Die abstrakte und konkrete Normenkontrolle
Aufbauschemata für die abstrakte und konkrete Normenkontrolle.
Im Folgenden werden der Aufbau der abstrakten Normenkontrolle (Art. 93 I Nr. 2 GG, §§ 13 Nr. 6, 76 ff. BVerfGG) und der konkreten Normenkontrolle (Art. 100 I GG, §§ 13 Nr. 11, 80 ff. BVerfGG) erläutert.
I. Die abstrakte Normenkontrolle Art. 93 I Nr. 2 GG, §§ 13 Nr. 6, 76 ff. BVerfGG)
Im Rahmen der abstrakten Normenkontrolle wird durch ein objektives Verfahren überprüft, ob Bundes- oder Landesrecht mit dem Grundgesetz oder Landesrecht mit sonstigem Bundesrecht vereinbar ist. Dies ist Art. 93 I Nr. 2 GG zu entnehmen. Was die abstrakte von der konkreten Normenkontrolle unterscheidet ist die Tatsache, dass die abstrakte Normenkontrolle (wie der Name schon sagt) unabhängig von einem konkreten Prozess oder Rechtsstreit durchgeführt wird. Insoweit existiert auch kein Antragsgegner.
II. Schema der abstrakten NK
Der Antrag auf Durchführung einer abstrakten Normenkontrolle hat Erfolg, wenn sie zulässig und begründet ist.
1. Zulässigkeit
a. Zuständigkeit des BVerfG (Art. 93 I Nr. 2 GG)
b. Antragsberechtigung (Art. 93 I Nr. 2, § 76 I BVerfGG)
c. Antragsgegenstand
d. Antragsbefugnis (bzw. Klarstellungsinteresse)
e.
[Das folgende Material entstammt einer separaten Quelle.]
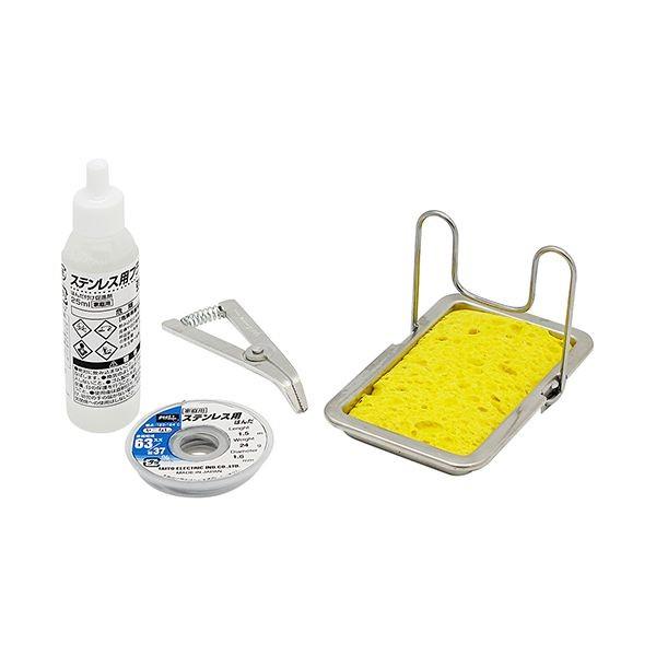 【商品説明】【用途】ステンレス製品などの製作・補修のサポート材。【機能・特徴】お得な道具・材料のセットです。別売りの付芯はんだこてと一緒にお使いください。ステンレス用はんだ・こて台・ヒートクリップ曲がり・ステンレス用フラックスの4点セットです。【仕様】●はんだ組成:錫63パーセント、鉛37パーセント。●はんだ径:1.5mm、長さ約1.5m。●はんだ融点:183-184度。●セット内容:ステンレス用はんだ・こて台・ヒートクリップ曲がり・ステンレス用フラックス。【注意事項ほか】●ステンレスフラックス使用後ははんだ付け箇所の水洗が必要です。作業工具 はんだ トーチ 半田補助具

Form (§ 23 I BVerfGG)
2. Begründetheit
Der Antrag auf Durchführung einer abstrakten Normenkontrolle ist begründet, wenn Bundesrecht mit dem Grundgesetz oder Landesrecht mit dem Grundgesetz oder dem sonstigen Bundesrecht unvereinbar ist.
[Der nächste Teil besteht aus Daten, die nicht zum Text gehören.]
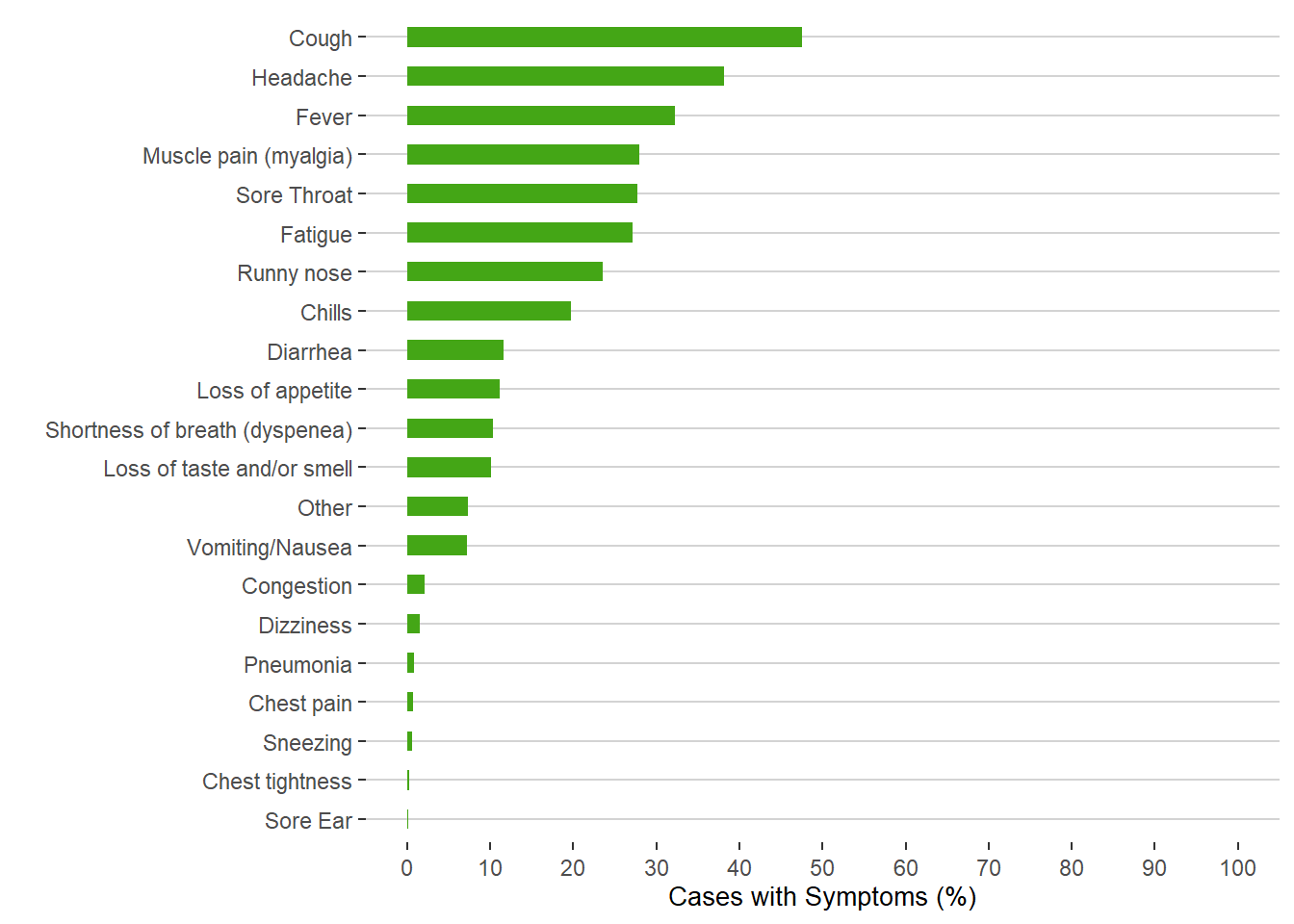 Figure 14. Percentage of Symptoms Reported by COVID-19 Cases, Manitoba, March 13, 2020 – December 4, 2021

III. Schema abstrakte Normenkontrolle mit Erläuterungen
1. Zulässigkeit
a. Zuständigkeit
Das Bundesverfassungsgericht ist gemäß § Art. 93 I Nr. 2 GG zuständig für die Überprüfung von Bundes- oder Landesrecht mit dem Grundgesetz oder Landesrecht mit sonstigem Bundesrecht. Hierbei liegt meist kein Problemschwerpunkt in der Klausur.
b. Antragsberechtigung
Gemäß Art. 93 I Nr. 2 GG, § 76 I BVerfGG sind nur die Bundesregierung, eine der Landesregierungen oder ein Viertel der Mitglieder des Bundestages antragsberechtigt. Mit dem Begriff der Bundesregierung sind Bundeskanzler und Bundesminister gemäß Art. 62 GG gemeint. Der Bundeskanzler allein – oder auch ein Bundesminister allein – ist also nicht befugt den Antrag zu stellen.
c. Antragsgegenstand
Eine vorbeugende Normenkontrolle ist grundsätzlich ausgeschlossen. Ausgenommen davon sind Zustimmungsgesetze zu völkerrechtlichen Verträgen soweit nur noch die Ausfertigung durch den Bundespräsidenten fehlt.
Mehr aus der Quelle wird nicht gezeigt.